The Mirror Thief

A flat crack comes across the water, and a white cloud rises from a sandolo off the bow: a pair of hunters shooting diving ducks. A second plume appears in the farther distance, at the marshy edge of San Cristofero della Pace, and the sound of the shot arrives a heartbeat later. Off starboard a crew of shouting laborers is clustered around a barge, now stranded by low tide; they’re driving piles in the muck, turning shallow water into solid earth, extending the city outward.

The batela angles north again, aimed at the mouth of the Glassmakers’ Canal, a smudge of furnace smoke on the vacant sky. Crivano can make out a green shadow at the island’s edge: the stand of holly-oaks where he crushed Verzelin’s throat. He wonders in passing whether the mirrormaker’s absence has been widely noted or commented upon, but this speculation fails to hold his interest, and he turns his eyes toward the city again. The boatmen’s oars slash the water, the pale willows of the nearby islands slide across the unearthly obelisk of San Francesco della Vigna, and Crivano feels a rush of astonishment, a sudden recollection of what it was like to see the city for the first time. Two days ago on the Molo it eluded him: clear in his mind but lifeless, a picture of itself. He’s able to reach it now only by way of a memory from years later: he was traveling the King’s Highway in the caravan of an adventurous young vizier, and they made a detour to al-Bitrā, the ruined capital of the Nabataeans, south of the Dead Sea. As he walked among the empty temples, rosy monoliths carved into the canyon walls, he could think of nothing but the moment when he and the Lark first glimpsed the Basilica’s domes: built on nothing solid, every constituent substance estranged from its origin. The impossible city of their ancestors, precipitated from the mist.

The gondoliers moor their boat in a vacant berth next to another batela, this one riding quite low, filled to the gunwales with split alder. The fragrant fresh-cut wood is a garish orange in the sun. As the boatmen lash their lines to a palina and ready an oar to lift the strongbox, Crivano springs to the quay and enters a door bearing the device of the siren—a stained-glass chimera with shapely bare breasts and the claws of a raptor—hung in a frame of dark wood.
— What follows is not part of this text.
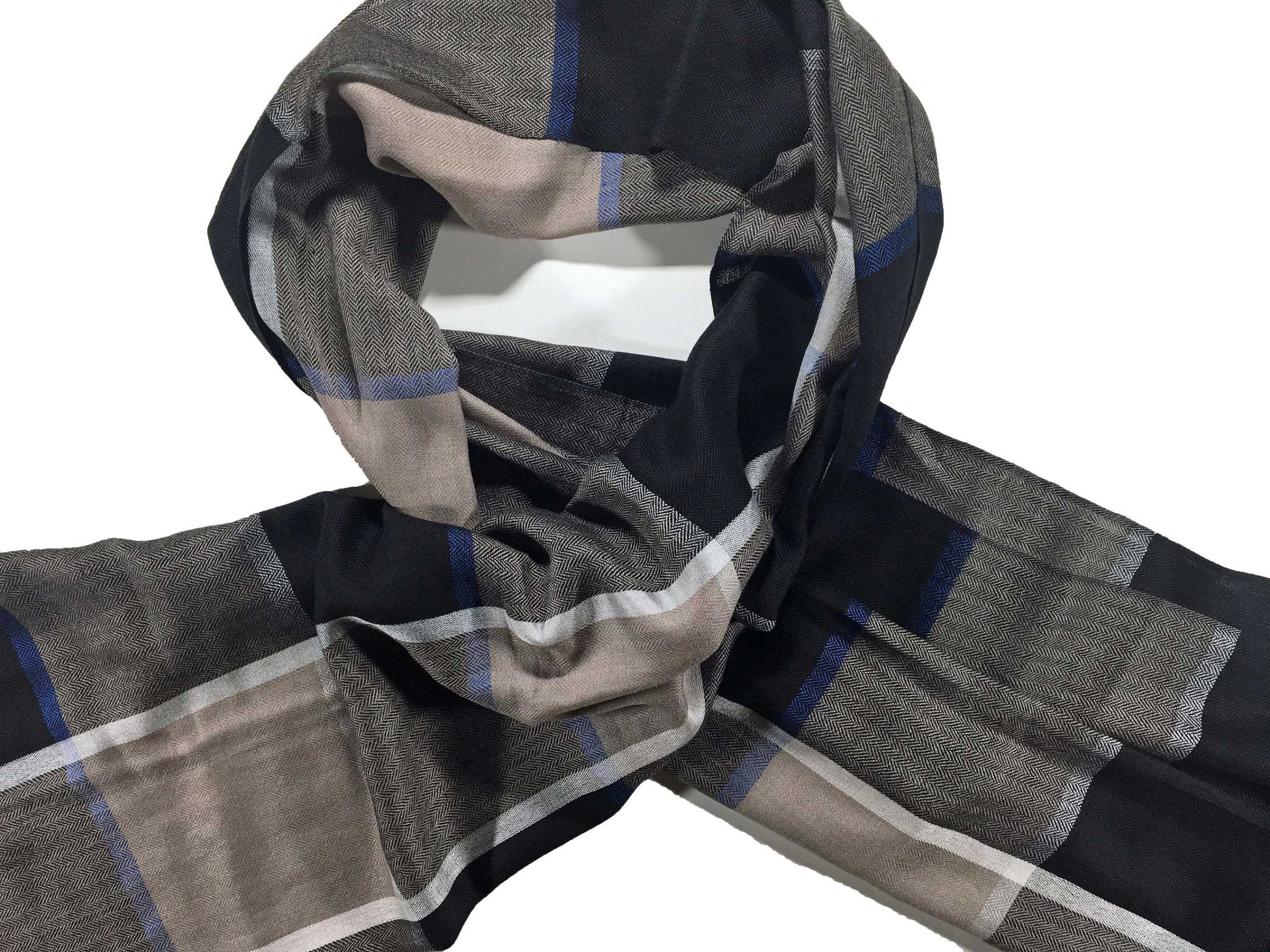 Hand-loomed suave herringbone plaid in fine wool and silk blend yarn. It’s luxuriously soft and warm. Unisex scarf. The scarf has a rich & vibrant texture, and the mélange of colors adds to the beauty of the scarf.

The shop’s shelves are crowded with the output of the attached factory: great crystal pitchers in the shapes of sailing ships, wide shallow goblets for red wine, carafes so thin and so clear as to be visible only by their filigree, interspersed with urns and plates and dishes of calcedonio glass in odd and startling hues. The shop-girl behind the counter listens meekly to a plump woman in an elegant saffron zimarra; as Crivano enters, they both turn and curtsy. The older woman’s eyes flash when she notes his black physician’s robes; her mouth tightens. Serena’s wife. She knows who he is, why he’s here. Good day, Crivano says. I’m looking for Maestro Serena.

As he speaks, the thin goblets along the walls shiver with the sound of his voice; their high chime gilds its roughness, rings into the stillness that follows. The woman’s reply is a low murmur to which the glass does not react. Yes, dottore, she says. You will find four men here who answer to that name.

Crivano smiles. This is good: the woman knows who he’s looking for, but she’s clever enough not to give that fact away. She’ll be no trouble in the escape: an asset, even. Narkis has nothing to fear. My business is with Boetio Serena, Crivano says. I have payment for him, and I would like to collect an item that he has crafted for me.

Mona Serena turns to the girl. Show the dottore to the workroom, she says.

The girl leads him through a side door, down a hallway, and then asks him to wait. She tugs open a thick portal banded with iron—heat billows through the gap, along with the smell of scorched air—and vanishes to the other side. In a moment she returns with young Alexandro in tow, the boy whom Crivano met at the Salamander. Ash dusts Alexandro’s face and hair, paints the edge of his jaw where sweat has smeared it. He wipes his hands on a linen rag with the air of a man eager to get back to his business. Dottore Crivano, he says with a bow. Your visit honors us.

Crivano returns the greeting. Young maestro, he says, I need to have a word with your father.

He’s mixing the batch now, but he’ll be done soon. I can show you to our parlor if you’d like to wait there. Or may I address your concern?

The look on the boy’s face makes it evident that his question is no question: his purview extends to all that occurs here. Crivano assesses his cool eyes and easy bearing—so like the Lark’s—and realizes that this is why Serena chose to join Crivano’s conspiracy, to remove his family from Murano. The glassmaker, he recalls, has two elder brothers; those brothers have many sons of their own. Alexandro practices his family trade not only as if he’s studied it diligently, which no doubt he has, but as if he has an inborn genius for it. Yet he will not run this shop in his lifetime.